MATERIAL SHOWN

•••

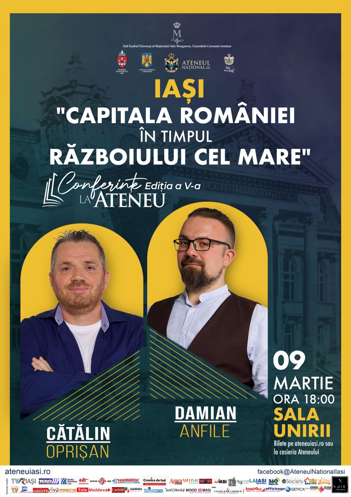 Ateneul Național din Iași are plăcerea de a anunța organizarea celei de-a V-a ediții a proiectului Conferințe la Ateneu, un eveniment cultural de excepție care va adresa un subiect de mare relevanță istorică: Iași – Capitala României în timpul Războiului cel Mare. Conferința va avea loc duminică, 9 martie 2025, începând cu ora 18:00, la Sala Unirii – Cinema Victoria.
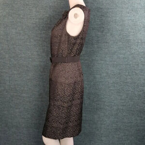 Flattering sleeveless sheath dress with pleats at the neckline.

•••

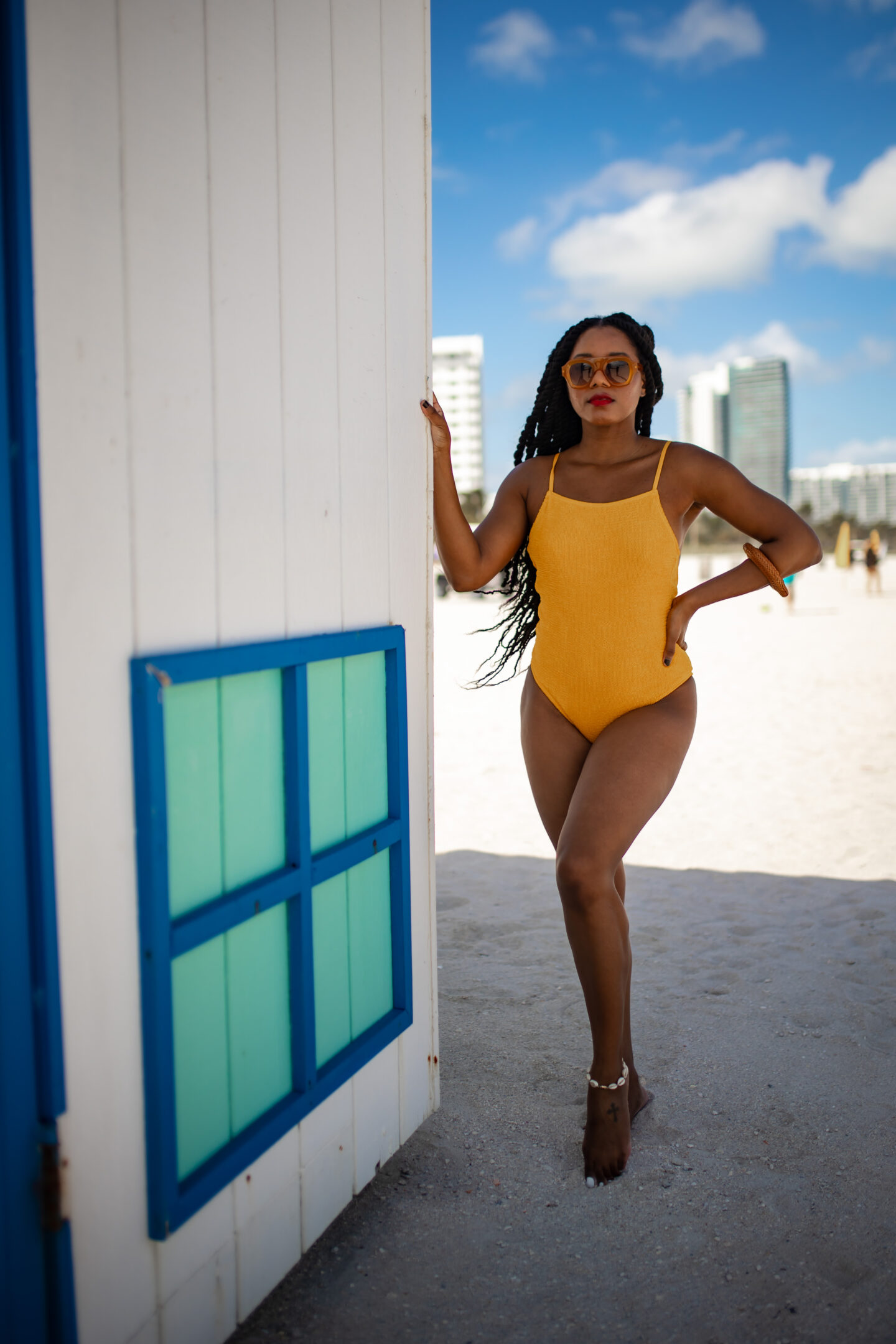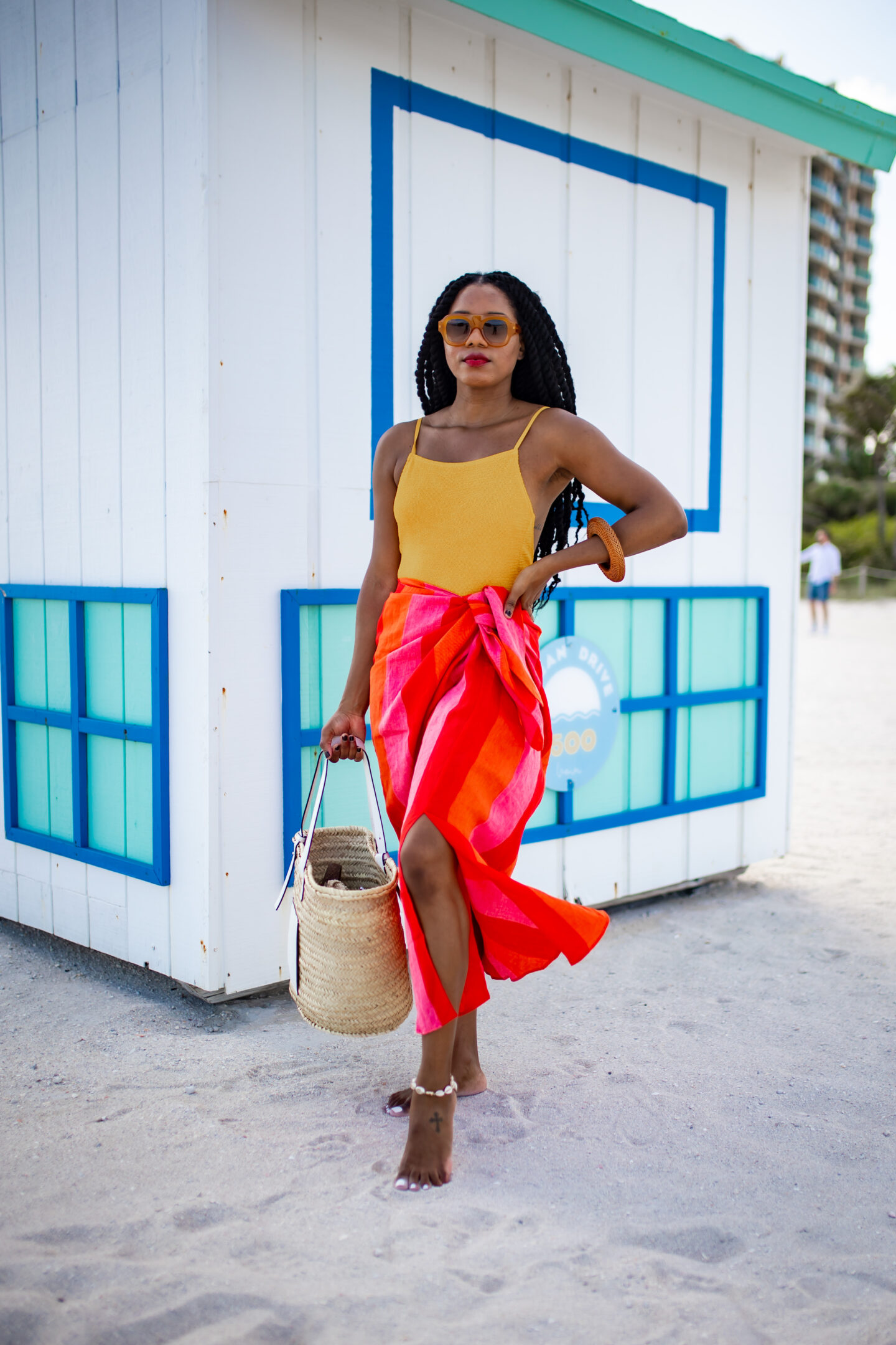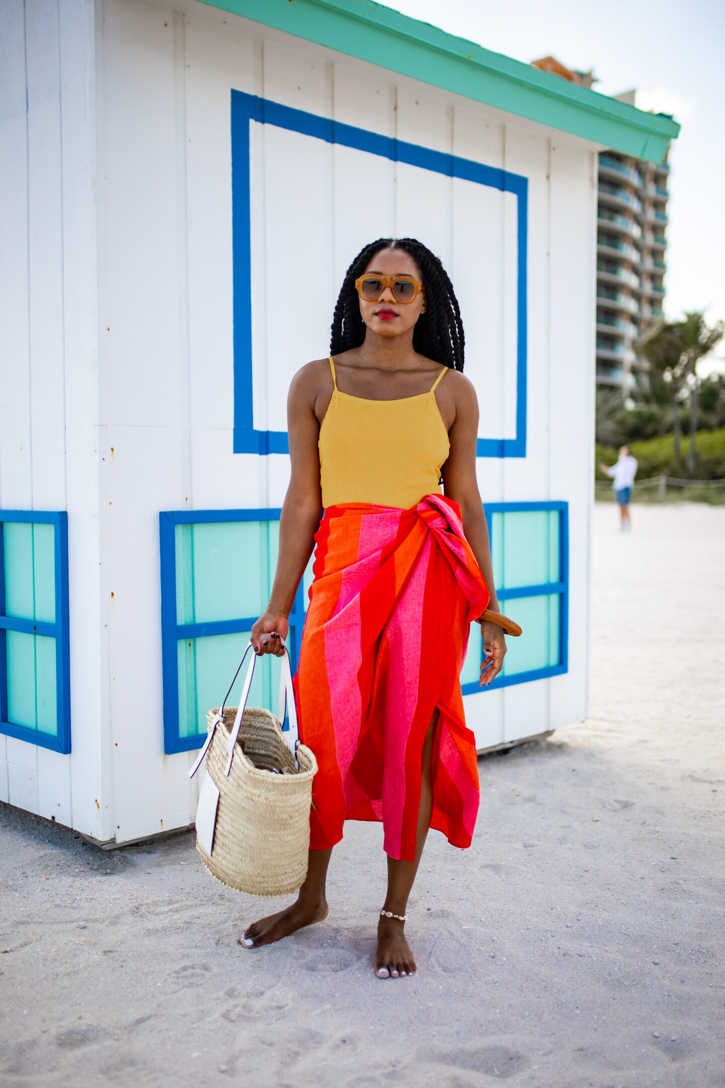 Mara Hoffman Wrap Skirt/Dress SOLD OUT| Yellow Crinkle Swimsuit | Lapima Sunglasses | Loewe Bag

•••

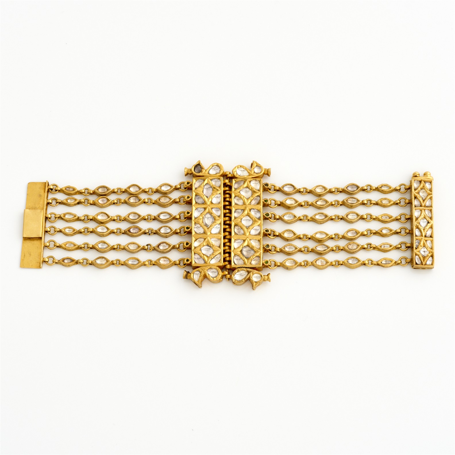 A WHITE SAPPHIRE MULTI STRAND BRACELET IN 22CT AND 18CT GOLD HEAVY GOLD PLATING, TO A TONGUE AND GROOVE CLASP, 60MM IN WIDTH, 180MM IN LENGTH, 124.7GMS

•••

WHAT IS REQUIRED
Reproduce the lines above beginning at the line that contains "Ateneul Național din" and ending at the line that contains "Flattering sleeveless sheath". No pictures.

RESPONSE
 Ateneul Național din Iași are plăcerea de a anunța organizarea celei de-a V-a ediții a proiectului Conferințe la Ateneu, un eveniment cultural de excepție care va adresa un subiect de mare relevanță istorică: Iași – Capitala României în timpul Războiului cel Mare. Conferința va avea loc duminică, 9 martie 2025, începând cu ora 18:00, la Sala Unirii – Cinema Victoria.
 Flattering sleeveless sheath dress with pleats at the neckline.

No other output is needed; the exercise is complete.